Глава 1. Ура! Я выгнала мужа!
Погранзастава, Антошка 190см, выступление за еду

Оглавление

Приехав на очередную заставу, мы стали готовиться к выступлению. Моя задача была посмотреть сценическую площадку и инструмент. Мне дали в помощь прапорщика, который был похож на Антошку! Ну мультик такой из детства. Антошка! Антошка! Пойдем копать картошку! Рыжий, лопоухий мальчуган с веснушками на все лицо. Только этот Антошка был примерно под 190 см, и я ему доходила до плеча.

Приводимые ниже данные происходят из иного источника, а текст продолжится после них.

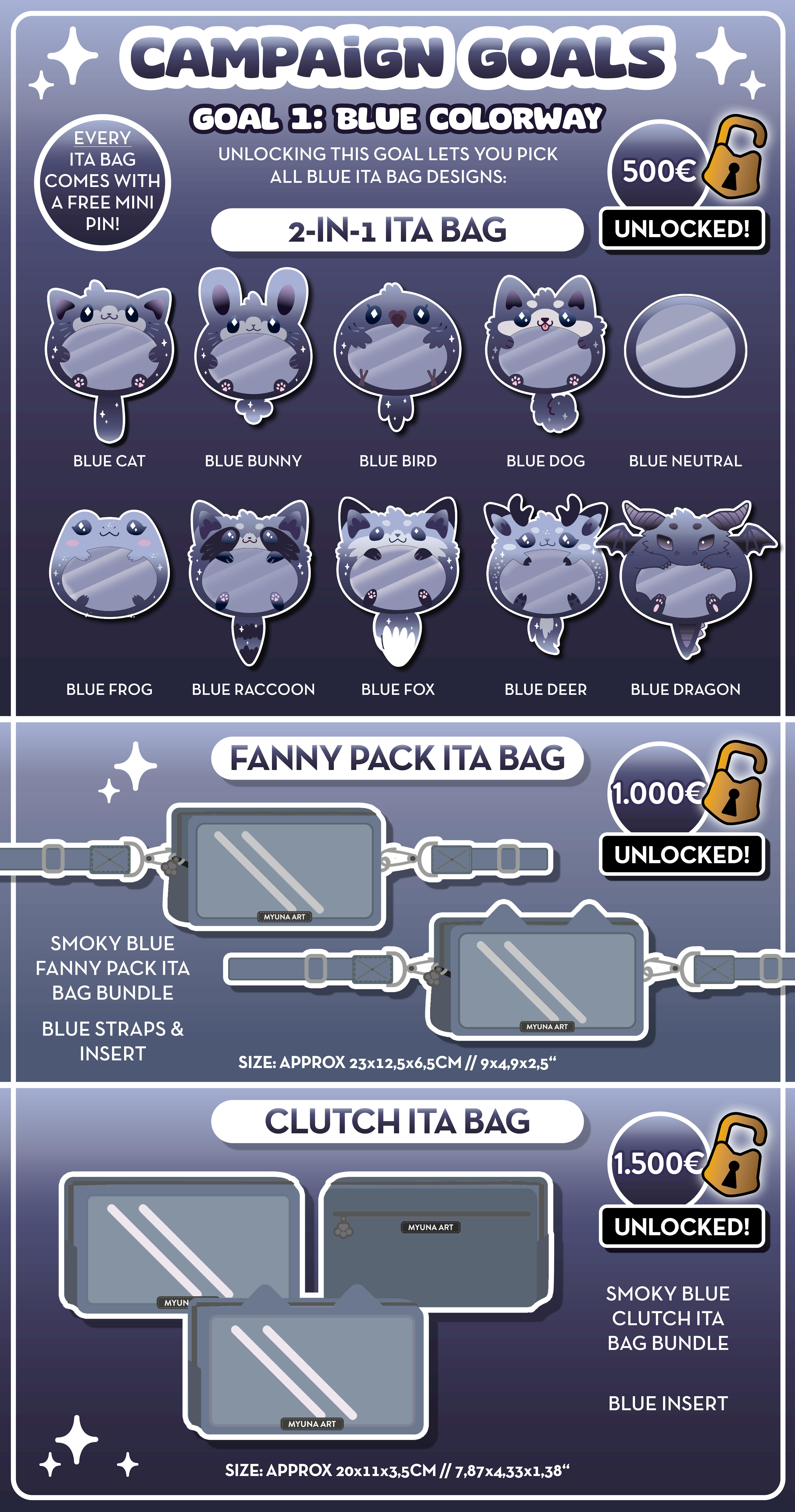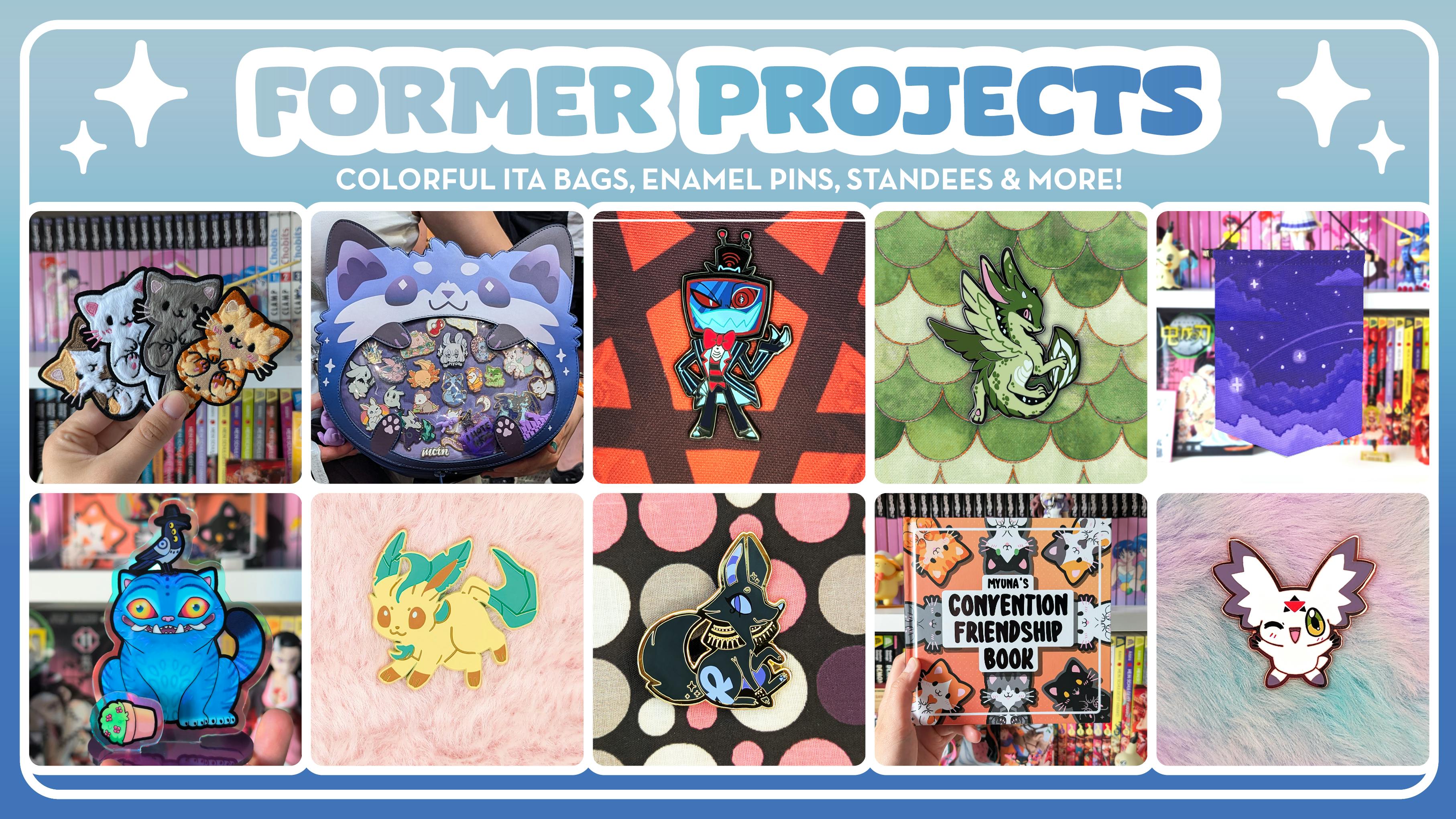 I'm Myuna, a small, independent artist creating pins and visiting conventions since 2018 and have my own online shop. Due to the expensive production of Ita Bags I’m bringing this project to Backerkit to help cover the costs – so I can create a whole set that I couldn't afford on my own. My last ita bag crowdfunding campaign was a huge success with a total of 220+ backers - THANK YOU to everyone who supported me back then!

Моя уверенная походка в сторону клуба, намекала ему, что никаких возражений я не приемлю. Просто надо следовать за мной. Мы пришли в клуб, примерно 6х6 кв. м. Хорошо, что вообще он есть. Пианино здесь я не увидела. Но может где-то стоит? Я обратилась к моему сопровождающему:

– Любезный мой! (Боже сколько пафоса во мне было), а что пианино вам не завезли?

Надо было видеть лицо прапорщика! Уже на первых словах «Любезный мой», его лицо вытянулось, щеки залились краской, а уши стали красными как рукоятки кранов аварийного сброса давления. После слова «пианино» в его глазах читался испуг и большое желание убежать. Но сбежать не представлялось возможным, поэтому мой высоченный прапорщик с рыжими вихрами и веснушками на все лицо из пурпурно красного стал белее белого полотна простыни.

– Ну так, это, не знаю, должны были, но это, я не видел, а может видел что то, ну это в общем… – начал он.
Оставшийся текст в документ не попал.